That is not watch repair. A real watchmaker should be able to strip down your watch, clean it, fix it, reassemble it, lube it, time it and return it in working order. Unfortunately, such people are rare. Keep searching. You might be surprised. I found two such watchmakers in my town.


----------



## Tom Barraclough (Mar 8, 2010)

I managed to have a look at the watch under a good microscope today and WOW.

If any of you get the chance to do this I recommend it - we have a zeiss stemi 2000 on the bench at work and I can see a tremendous amount of detail, the surface finish on many parts is impressive. I might try to get some pictures at some point, but the camera is not really set up for shiny things.
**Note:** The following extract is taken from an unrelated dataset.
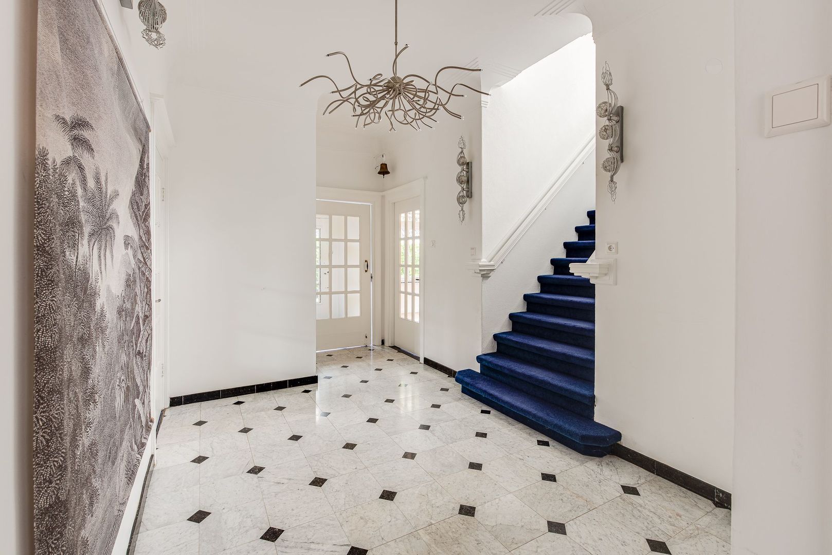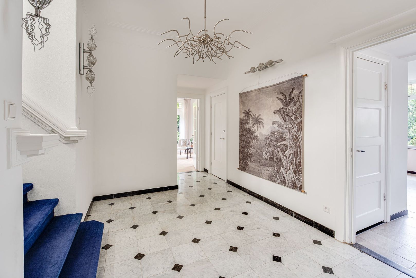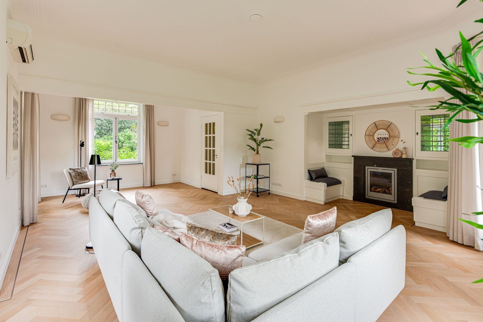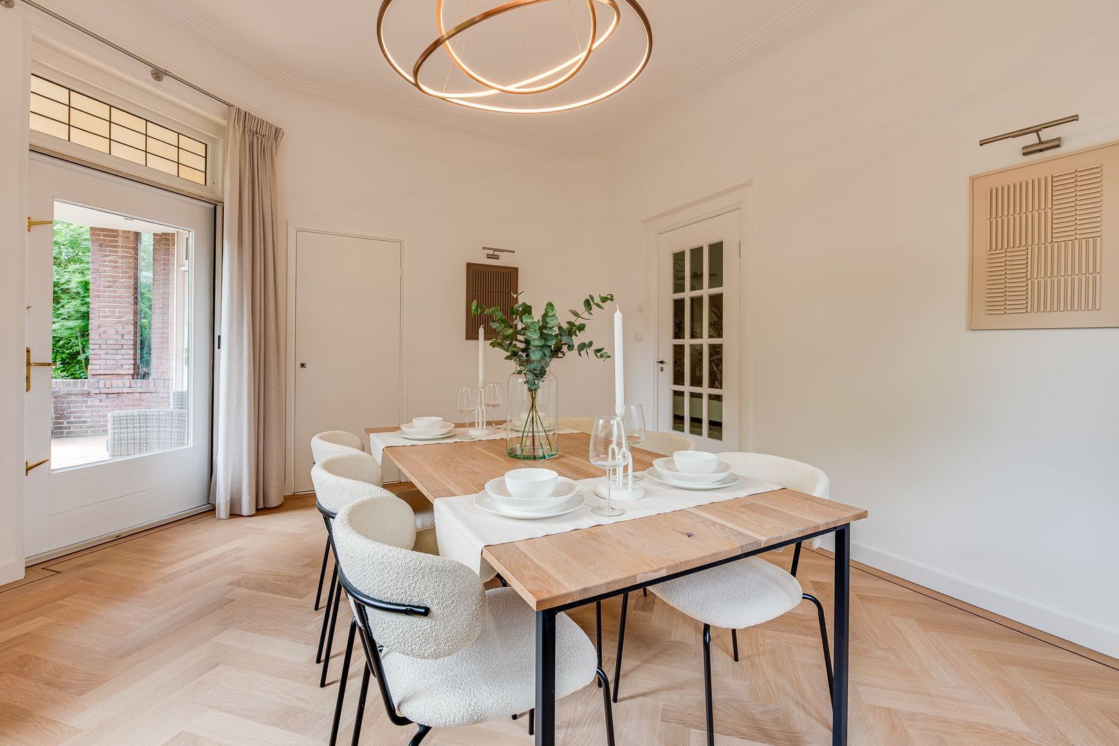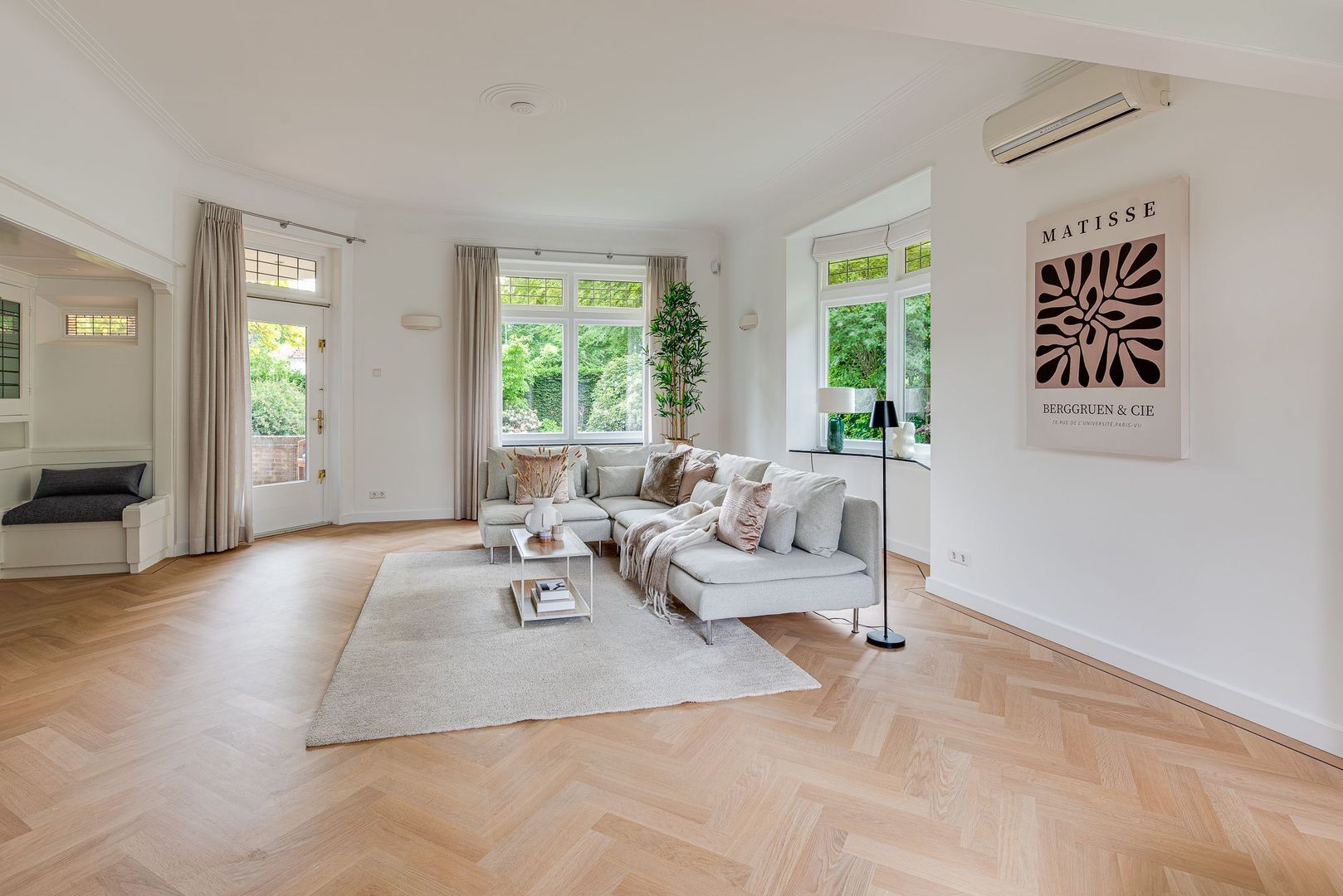 Brede paneeldeuren, architraven, ruim 3 m hoge plafonds met plint, glas-in-loodramen en het fraaie houten trappenhuis met bordes, bepalen nog steeds de bijzondere sfeer van deze rijk gedetailleerde 30-er jaren villa. Deze klassieke elementen combineren erg mooi met de vlak gestucte wanden, de moderne keuken en modern sanitair.

I've noticed another jewel, at "A" in this image:










I'm guessing this is the third wheel?

there is also a shaft (arbor?) at "B" which is not jewelled, which I presume is the winding wheel, as it rotates when I try to wind the watch.

contrary to my earlier post, the "seconds" (4th?) wheel is jewelled, so jeweling of the chronograph makes more sense.

Tom


----------



## Seismic one (Jun 21, 2008)

Tom case maker was one Edward Francillion.


----------



## mel (Dec 6, 2006)

Tom, you could try the watchie in Loanhead for advice at least - small shop in Clerk Street, in the book under Peter Inwood. Not sure about how much work he does nowadays, but he does/did a LOT of work for other "so-called" watchmakers in the area and Edinburgh.

And he's not fast, my son-in-law waited four months for a repair, but the watch was great when he got it back.

I'd think he could at least look and advise on where to take it or send it to be worked on properly.


----------



## mel (Dec 6, 2006)

Tom, you could try the watchie in Loanhead for advice at least - small shop in Clerk Street, in the book under Peter Inwood. Not sure about how much work he does nowadays, but he does/did a LOT of work for other "so-called" watchmakers in the area and Edinburgh.

And he's not fast, my son-in-law waited four months for a repair, but the watch was great when he got it back.

I'd think he could at least look and advise on where to take it or send it to be worked on properly.


----------



## Tom Barraclough (Mar 8, 2010)

Seismic one said:


> Tom case maker was one Edward Francillion.


Ah Ha! a name.

I wonder if the Francillion name is not a coincidence. Some relation to Ernest Francillon of Longines perhaps?


----------



## ValvesRule (May 20, 2009)

Tom Barraclough said:


> I've noticed another jewel, at "A" in this image:
> 
> 
> 
> ...


Correct.



> There is also a shaft (arbor?) at "B" which is not jewelled, which I presume is the winding wheel, as it rotates when I try to wind the watch.


This is probably the Arbor of the Mainspring; that it is not jewelled is not surprising.


----------